In January 2015, I joined the Melanoma Research Foundation (MRF) to connect with other melanoma patients and be an advocate for melanoma research and education. Being part of the MRF has been rewarding on many levels. I have made new friends who are melanoma warriors and have become an advocate for education, awareness and prevention. Each year, I travel to D.C. for the MRF’s Hill Day where we approach Senators and Representatives to speak about melanoma as an advocate for sun protection use, tanning bed legislation, among other things. Being a part of the MRF in this way has taught me to value my voice and my story as a tool that can help save lives.
I often get asked how I’ve done it all since my first diagnosis. Early on in my Stage IV journey, my oncologist, Anna Pavlick, sat me down after a rough run with my medications which I had—per usual—tried to power through. We had a conversation about the need to check in and let my doctors know about my conditions and side effects rather than just take my medications, regardless of how bad I felt.
Dr.

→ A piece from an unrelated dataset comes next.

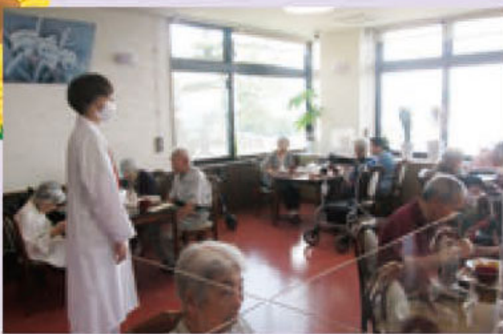
嗜好調査を終えて

Pavlicks message to me was this:
“It is my job to take care of and manage your cancer; your job is to live your life to the fullest.”
This changed my attitude about how to cope and live with an aggressive cancer. It has allowed me to trust in my medical team, to not worry all the time about my treatments, and to continue living my life according to my own rules and abilities. I may have cancer for the rest of my life. I can’t ignore the impact it will have on me and my body, but I can learn how to manage it and maintain life. Accept that I am not running a sprint but a marathon. I have learned to take care of myself. To eat well, do yoga, stay in bed all day Sundays if I need it, travel, read a book and spend time with the people I love. Always choose to stay positive, always live in the moment, be brave and be here.